Riding hard according to different situations, such as adjusting the gear size when going uphill or downhill, can effectively improve the muscle strength and endurance of both legs.
Fat-reducing cycling
It means riding at a medium speed. Generally speaking, you need to ride for more than 40 minutes continuously, and you need to pay attention to regular breathing, which is very beneficial to reduce body fat.
Core muscle circulation
Refers to the process of riding a bicycle, the hips leave the seat, but don't stand up straight, and at the same time control the human body with the waist and abdomen, so that the muscle strength of the waist and abdomen can be effectively exercised.
Strength cycle method
It is required to ride a bicycle at your 60% speed limit for 5-7 minutes, and at the same time, you need to observe your pulse every minute with a heart rate meter to keep your heart rate within the cardiopulmonary function training area.
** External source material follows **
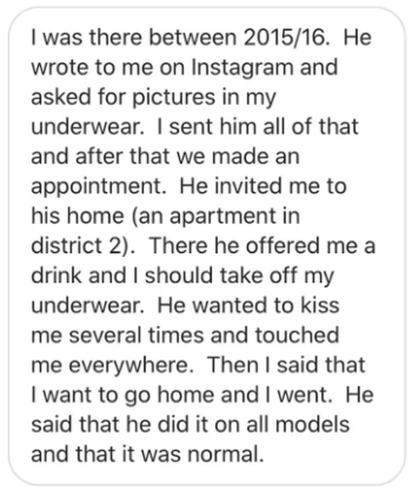 Männermodels berichteten letztes Jahr im Juni von sexuellen Belästigungen durch den Inhaber einer bekannten Modelagentur. Chatverläufe zeigten, wie er junge Männer auffordert, ihnen Nacktfotos zu schicken, um dem Traum von einer Karriere auf dem Laufsteg näherzukommen. Über ein Dutzend Betroffene hatten Anzeige erstattet.

This will not only exercise your cardiovascular system, but also effectively burn fat and lose weight.
Intermittent cycle
When riding a bicycle, you should ride at a medium speed of 1-2 minutes, then ride at a speed of 1.5-2 times for 2 minutes, then ride at a medium speed, and then return to the fast speed. This kind of cycling exercise can not only improve the adaptability of human body to aerobic exercise, but also burn fat and lose weight better.